Alkanes reduce cuticular water loss, but cutin affects photosynthetic sufficiency and light
response
In this study, we simultaneously characterized a large number of mutants corresponding to
different cuticular lipids genes. By doing so, we filtered out indirect effects not related to
epicuticular wax composition such as changes in cutin composition. Both cer1 and the kcs6
mutants possess an extremely reduced alkane load, yet, cer1 also retains altered cutin
composition, with significantly less phenols and more -hydroxylated fatty acids. Comparing
the phenotype of cer1 to that of kcs6 enabled us to make the distinction. Cuticular water loss
is affected when both genes are mutated, although the rate in cer1 is higher. Here we detected
an additive effect of altered cutin despite the major effect being that of alkane abundance.

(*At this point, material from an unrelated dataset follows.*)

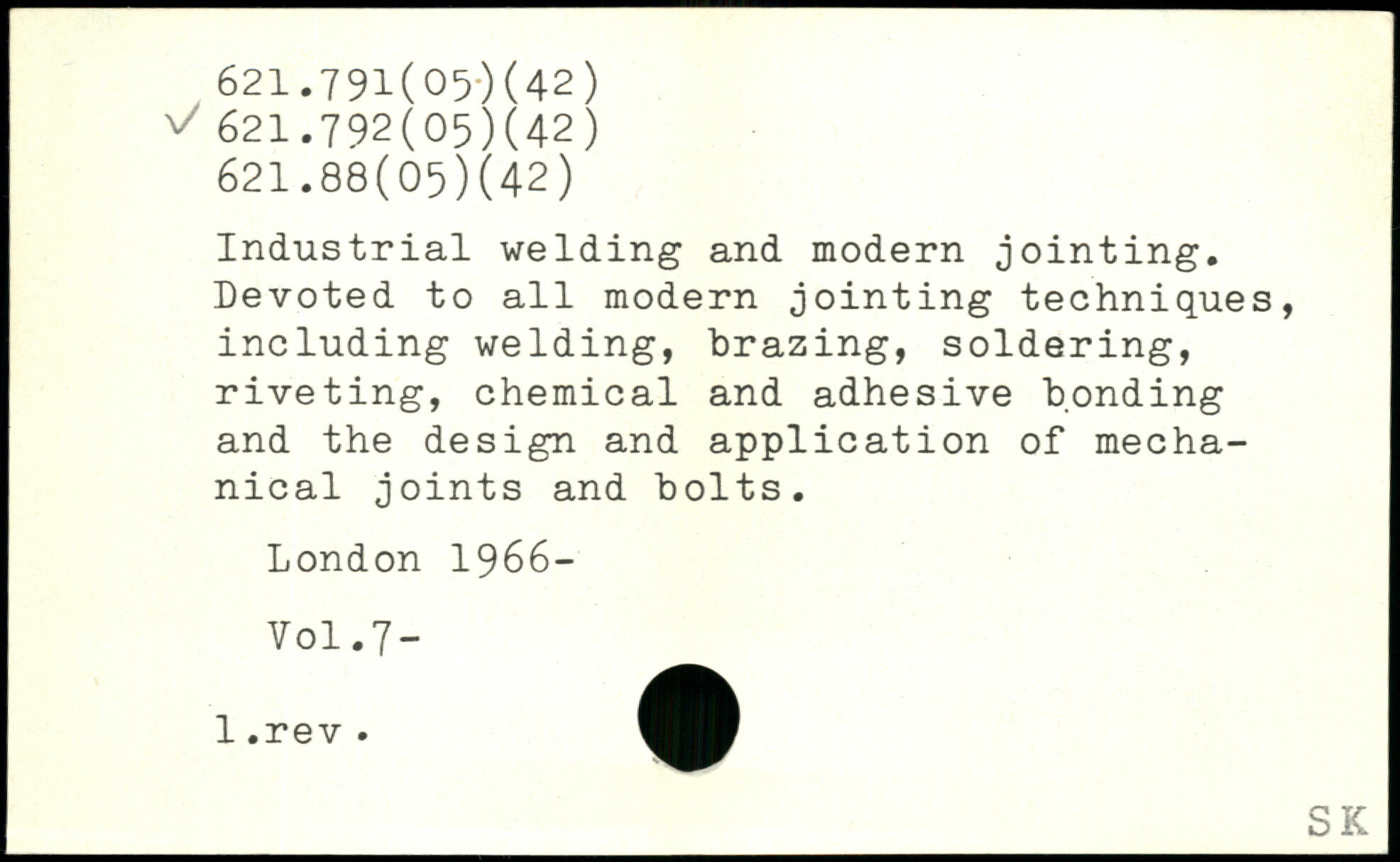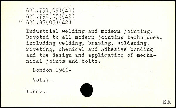 Industrial welding and modern jointing. Devoted to all modern jointing techniques, including welding, brazing, soldering, riveting, chemical and adhesive bonding and the design and application of mechanical joints and bolts.

Effects that are only present in cer1 and not kcs6 and which we attribute to cutin rather than
epicuticular wax are the reduced Vcmax and lower carbon assimilation with rising light
intensity. In contrast to these, drought response in cer1 and kcs6 plants was nearly identical,
suggesting that alkane abundance is a major factor essential for recovery following drought.
It was previously shown that overall accumulation of epicuticular waxes following exposure
to drought in tree tobacco reduced the rate of cuticular water loss (Cameron et al., 2006).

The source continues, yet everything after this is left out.